我们使用python googleapiclient
API在AI平台上创建工作。
from oauth2client.client import GoogleCredentials
import datetime
credentials = GoogleCredentials.get_application_default()
training_inputs = {'scaleTier':'CUSTOM','masterType':'complex_model_m',
'packageUris':['package_bucket_file_path'],
'pythonModule':'randomforest_trainer_RUL.train',
'args':[
'--trainFilePath', data[0],
'--trainOutputPath', data[2],
'--testFilePath', data[1],
'--testOutputPath', data[3],
'--target', target_label,
'--bucket', BUCKET,
'--expid', experiment_id
],
'region': "region_of_bucket",
'runtimeVersion':'1.14',
'pythonVersion':'3.5'}
timestamp = datetime.datetime.now().strftime('%y%m%d_%H%M%S%f')
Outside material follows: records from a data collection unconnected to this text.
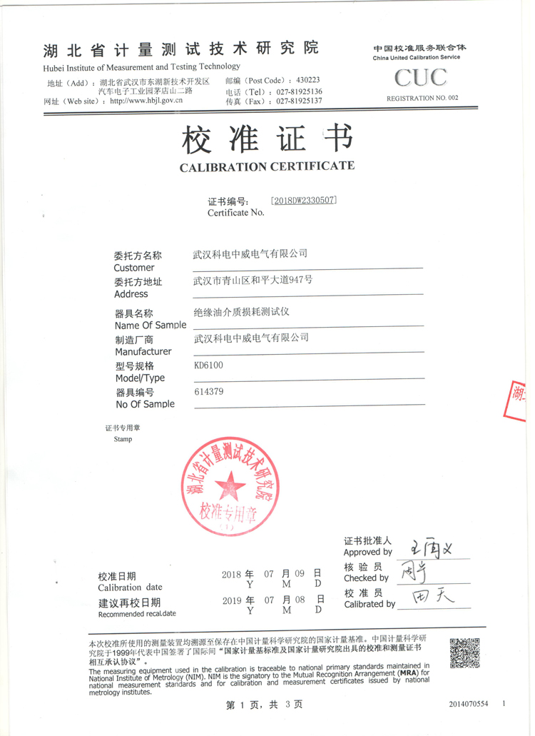 武漢科電中威電氣有限公司是專業(yè)制造生產(chǎn)精密油介損自動(dòng)測(cè)試儀廠家,出廠產(chǎn)品都通過國(guó)家權(quán)威機(jī)構(gòu)檢測(cè)。KD6100型精密油介損自動(dòng)測(cè)試儀校準(zhǔn)證書如下: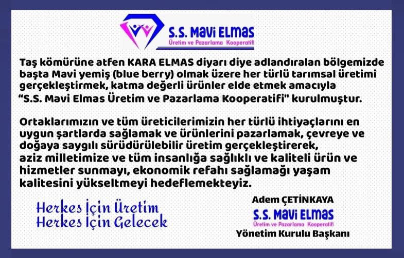 S.S. Mavi Elmas Üretim ve Pazarlama Kooperatifi olarak “Mavi Yemiş” yetiştiriciliğine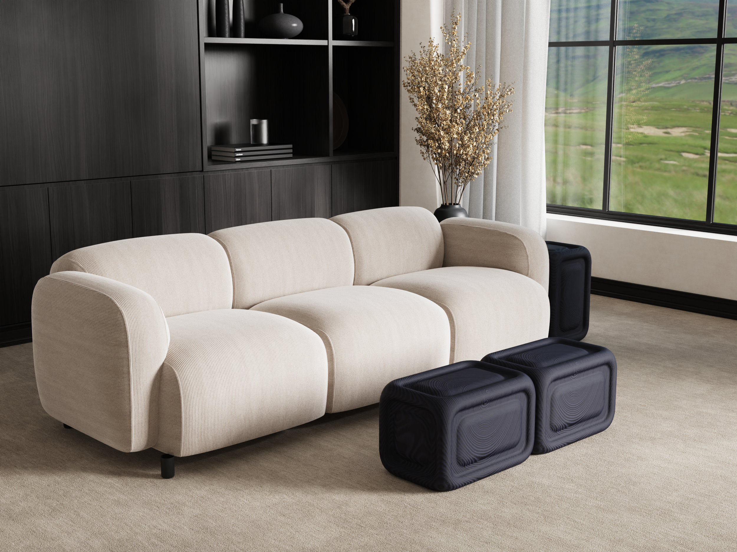SUPREME FORMS ARE MODULAR SCULPTURAL BLOCKS THAT SHIFT BETWEEN SEATING, SURFACE, AND SUPPORT, GUIDED BY THE STRUCTURE AND MOVEMENT OF JOHN COLTRANE’S A LOVE SUPREME TO CREATE FLUID ARRANGEMENTS.

job_name = "job_"+experiment_id
## logging information
logging.info("Job Name:{}".format(job_name))
##
api = discovery.build('ml', 'v1', credentials=credentials,cache_discovery=False)
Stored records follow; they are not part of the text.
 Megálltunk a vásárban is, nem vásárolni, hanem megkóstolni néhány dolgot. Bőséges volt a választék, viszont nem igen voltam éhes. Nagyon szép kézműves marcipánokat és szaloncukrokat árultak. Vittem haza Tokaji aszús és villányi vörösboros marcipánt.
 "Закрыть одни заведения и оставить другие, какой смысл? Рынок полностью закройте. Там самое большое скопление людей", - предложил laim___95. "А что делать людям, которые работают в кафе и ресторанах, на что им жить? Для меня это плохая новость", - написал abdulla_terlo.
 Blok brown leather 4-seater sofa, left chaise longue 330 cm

project_id = 'projects/{}'.format(PROJECT)
credentials = GoogleCredentials.get_application_default()
request = api.projects().jobs().create(body=job_spec, parent=project_id)
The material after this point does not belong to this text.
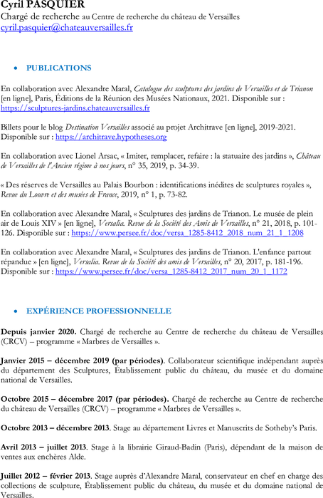 Recherches historiques sur la statuaire et les décors sculptés des châteaux de Versailles et de Trianon.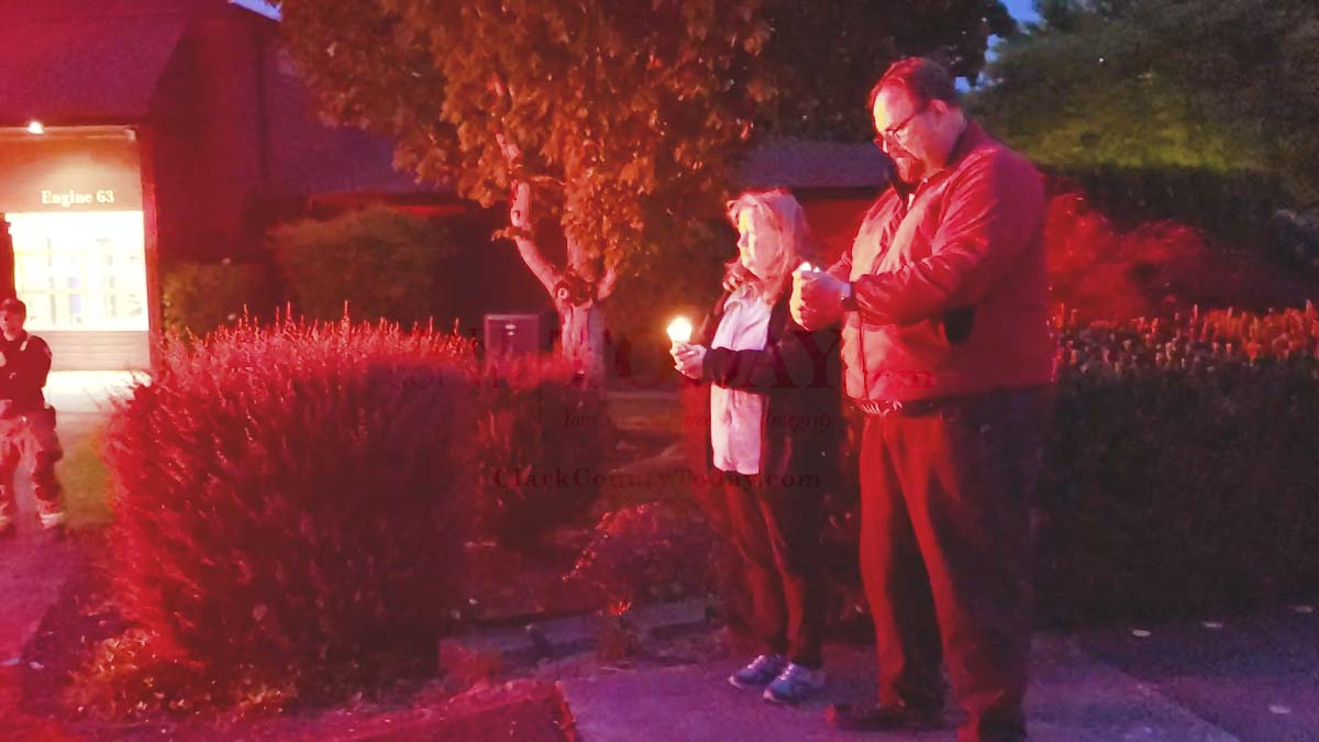 Paul and Ellen Krane visited Station 63 in Salmon Creek and lit candles to go with the emergency lights.

它正在工作,我能够训练模型,进行测试和预测直到昨天。 但是突然之间我无法在AI Platform中训练模型,而我得到的错误是
The replica master 0 exited with a non-zero status of 1. \nTraceback (most recent call last):\n [...]\n
File "/root/.local/lib/python3.5/site-packages/gcsfs/core.py", line 810, in ls\n
combined_listing = self._ls(path, detail) + self._ls(path + "/", detail)\n
File "</root/.local/lib/python3.5/site-packages/decorator.py:decorator-gen-12>", line 2, in _ls\n
File "/root/.local/lib/python3.5/site-packages/gcsfs/core.py", line 50, in _tracemethod\n
return f(self, *args, **kwargs)\n File "/root/.local/lib/python3.5/site-packages/gcsfs/core.py",
line 820, in _ls\n listing = self._list_objects(path)\n File "</root/.local/lib/python3.5/site-packages/decorator.py:decorator-gen-5>",
line 2, in _list_objects\n File "/root/.local/lib/python3.5/site-packages/gcsfs/core.py",
line 50, in _tracemethod\nreturn f(self, *args, **kwargs)\n File "/root/.local/lib/python3.5/site-packages/gcsfs/core.py",
line 616, in _list_objects\n listing = self._do_list_objects(path)\n File "</root/.local/lib/python3.5/site-packages/decorator.py:decorator-gen-6>",
line 2, in _do_list_objects\n File "/root/.local/lib/python3.5/site-packages/gcsfs/core.py",
line 50, in _tracemethod\n return f(self, *args, **kwargs)\n File "/root/.local/lib/python3.5/site-packages/gcsfs/core.py",
line 637, in _do_list_objects\n maxResults=max_results,\n File "</root/.local/lib/python3.5/site-packages/decorator.py:decorator-gen-2>",
line 2, in _call\n File "/root/.local/lib/python3.5/site-packages/gcsfs/core.py",
line 50, in _tracemethod\n return f(self, *args, **kwargs)\n File "/root/.local/lib/python3.5/site-packages/gcsfs/core.py",
line 517, in _call\n validate_response(r, path)\n File "/root/.local/lib/python3.5/site-packages/gcsfs/core.py",
line 171, in validate_response\n raise IOError("Forbidden: %s\\n%s" % (path, msg))\nOSError:
Forbidden: https://www.googleapis.com/storage/v1/b/some-storage-bucket/o/\nservice-87XX90XX1XX@cloud-ml.google.com.iam.gserviceaccount.com
does not have serviceusage.services.use access to project 34XX12XX12X.\n\nTo find out more about why your job exited
please check the logs: https://console.cloud.google.com/logs/viewer?project=87XX90XX1XX&resource=ml_job%2Fjob_id%2Fjob_5de3592da3c3c541d73389er&advancedFilter=resource.type%3D%22ml_job%22%0Aresource.labels.job_id%3D%22job_5de3592da3c3c541d73389erce%22
我得到的错误是
service-87XX90XX1XX@cloud-ml.google.com.iam.gserviceaccount.com
does not have serviceusage.services.use access to project 34XX12XX12X
答案 0 :(得分:2)
今天有确切的问题。正如尼克所说,这是GCSFS的新发行版问题。建议您不要使用Tensorflow GFile函数直接从存储桶中读取CSV文件,而不要使用pd.read_csv(gcs_path)
。
with tf.gfile.GFile(gcs_path) as f:
if(opts):
df = pd.read_csv(f, opts)
else:
df = pd.read_csv(f)
return df
这将使您可以不中断地运行作业。